Heavy Love is the fourth studio album by English singer Louise. It was released on 17 January 2020 by Lil Lou Records under partnership with Warner. The album was preceded by the single "Stretch", released on 26 March 2019. The album includes contributions from Clean Bandit, Eg White, Raye, Karen Poole and Sinéad Harnett. "Lead Me On" was released on 4 July 2019 as the album's second single, receiving its premiere on BBC Radio 2. "Not the Same" was released as the third single alongside a lyric video.

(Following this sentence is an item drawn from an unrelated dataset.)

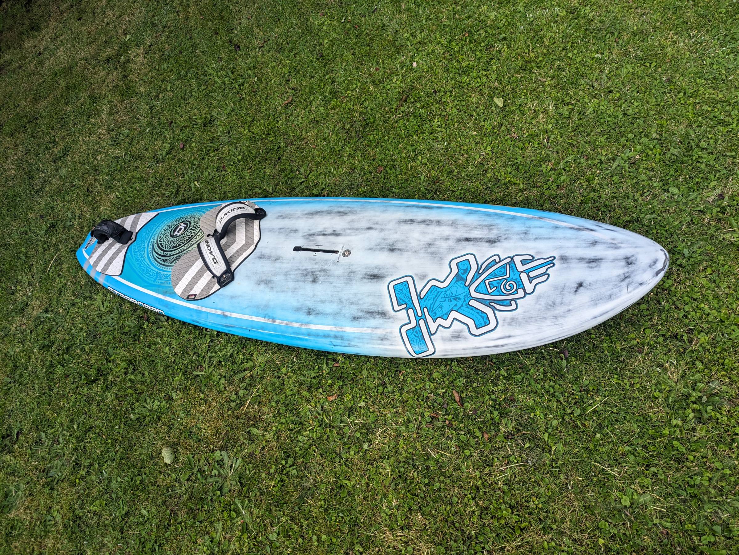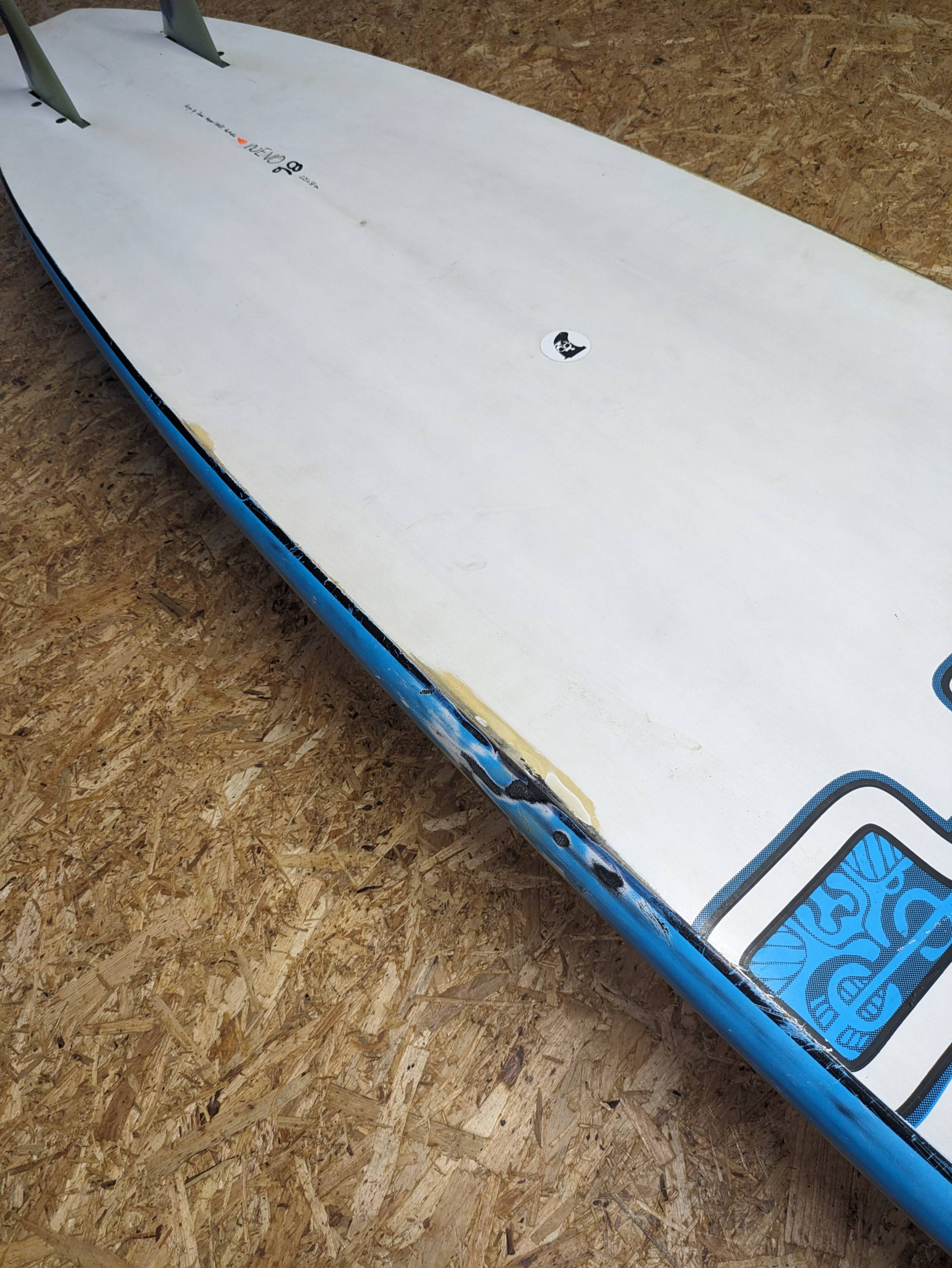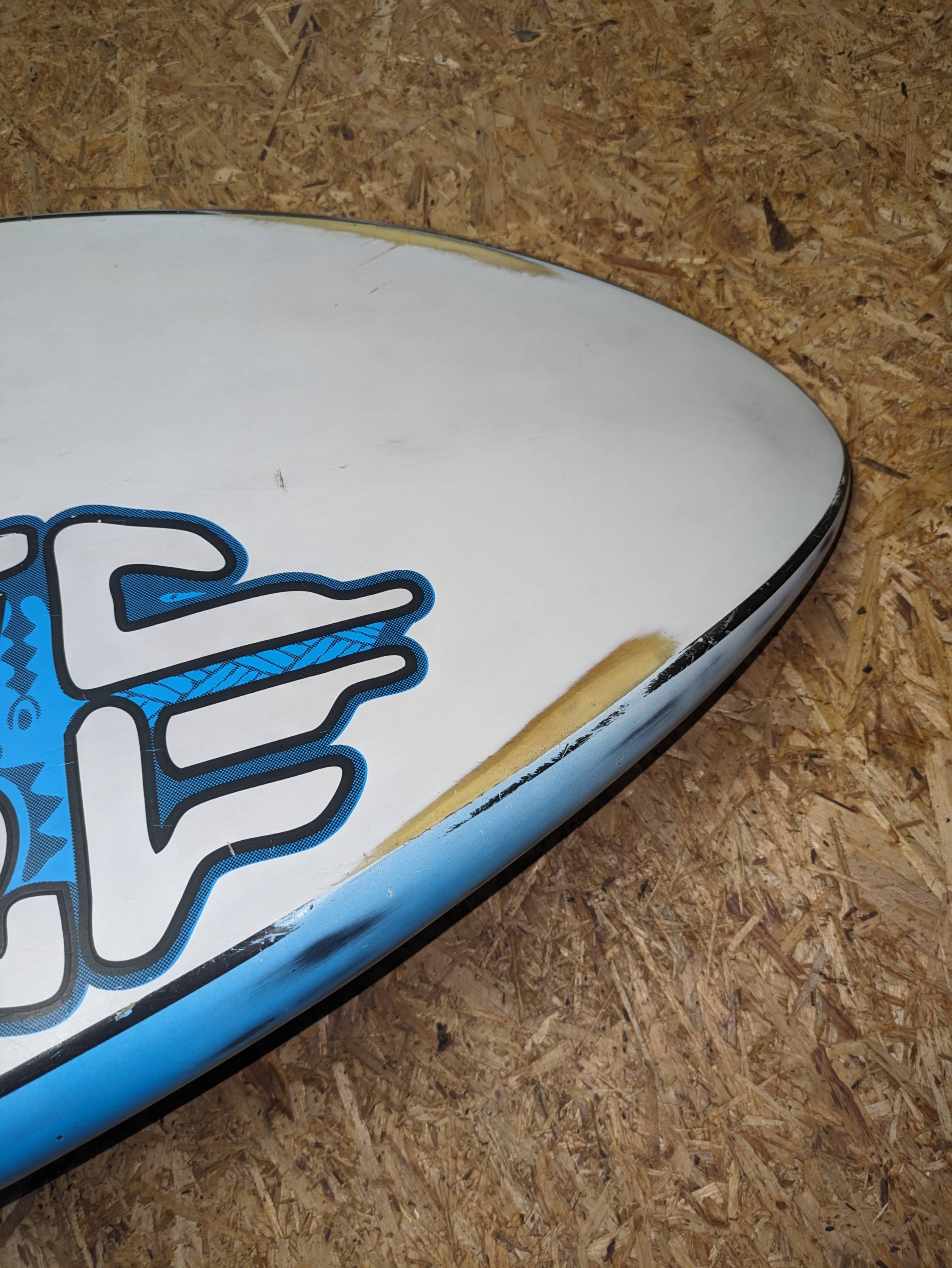 hat 2 kleine Ausbesserungen im Bugbereich und an der Kante was bei einem Waveboard nicht ausbleibt.

The track reached BBC Radio 2's C-List. "Hurt" was released as the fourth single with a 'Single Version', with the track being added BBC Radio 2's A-List.

On 4 September 2019, it was announced that the album would be postponed from 18 October 2019 to 17 January 2020, with Louise citing the promotional schedule for 9 to 5: The Musical as the reason for the delayed release.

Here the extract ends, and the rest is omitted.